Team Status Report
UPDATES
This week, we had a presentation! We’ve posted the slides from that, as well the poster for our demo, under media.
RISKS
We have a viable demo currently. We have some improvements that we’d like to make in terms of processing speed, but our current demo constitutes our minimum viable project.
DESIGN CHANGES
The DMA solution from last week was successful, so we have incorporated that into our project. The DMA engine transfers pixel data to the BRAM, then transfers the resulting energies back to the DRAM when the computation is complete.
Maxwell Johnson
Personal work and Progress:
I spent most of this week debugging the DMA solution. Now that the system works, we can officially say that DMA is correct and faster than the alternative. For a 3.7 second video, the energy computation time decreased from 144s to 11s.

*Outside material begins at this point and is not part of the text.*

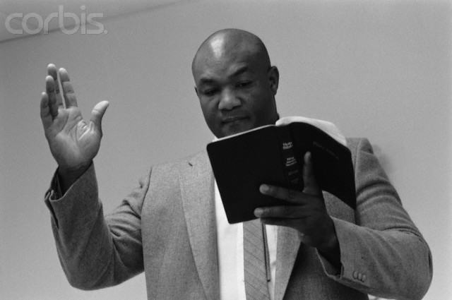 1977, Houston, Texas, USA — Heavyweight boxer George Foreman holds a Holy Bible as he preaches at his church on Lone Tree Road. — Image by © Michael Brennan/CORBIS Compartilhe 😀Clique para enviar um link por e-mail para um amigo(abre em nova janela)Clique para compartilhar no Facebook(abre em nova janela)Clique para compartilhar no Twitter(abre em nova janela)

These are the newest timing data I’ve collected:
- RX Time: 10.432682 s
- Total compute time: 81.239788 s
- Total finding seams time: 65.049371 s
- Min Cut Time (full frame): 62.142221 s
- Sift Time: 61.899109 s
- Search Time: 0.241102 s
- Incr Cut Time (partial frame): 2.907150 s
- Min Cut Time (full frame): 62.142221 s
- Total time deleting seams: 5.033181 s
- Total energy map time (incl. DMA): 10.929733 s
- Total finding seams time: 65.049371 s
- TX Time: 8.325749 s
The bottleneck is finding the min cut of every frame. Because this is only used to determine the radix frame and then to make the cut on the radix frame, this is not a task that deserves to take 75% of our compute time. Today, I experimented with other techniques for choosing a radix frame. Choosing a random frame creates a video with similar, though slightly worse, quality. Once Riki completes the script to analyze video quality using a quantitative energy function, we can decide on what the proper tradeoff is between processing time and output quality.
Deliverables:
Tomorrow, we’re all planning to work on some validation and optimization. My main goal is to successfully overlap the computation done by the system on chip with the DMA. Currently, the system waits for the transfer to complete before continuing to process pixels, which is wasted opportunity for computation. Following the demo, our deliverable will be the paper.
John Zhang
Personal Work
Progress
Deliverables
Riki Khorana
Personal Work and Progress
– Worked on the presentation slides
– Worked especially on summarizing and clarifying algorithm
– Tried to recreate a lost progress video, but failed
– Worked on optimization by threading seam finding on Vivado SDK
Deliverables
– Demo this Monday – work on further optimization
– Final report coming up soon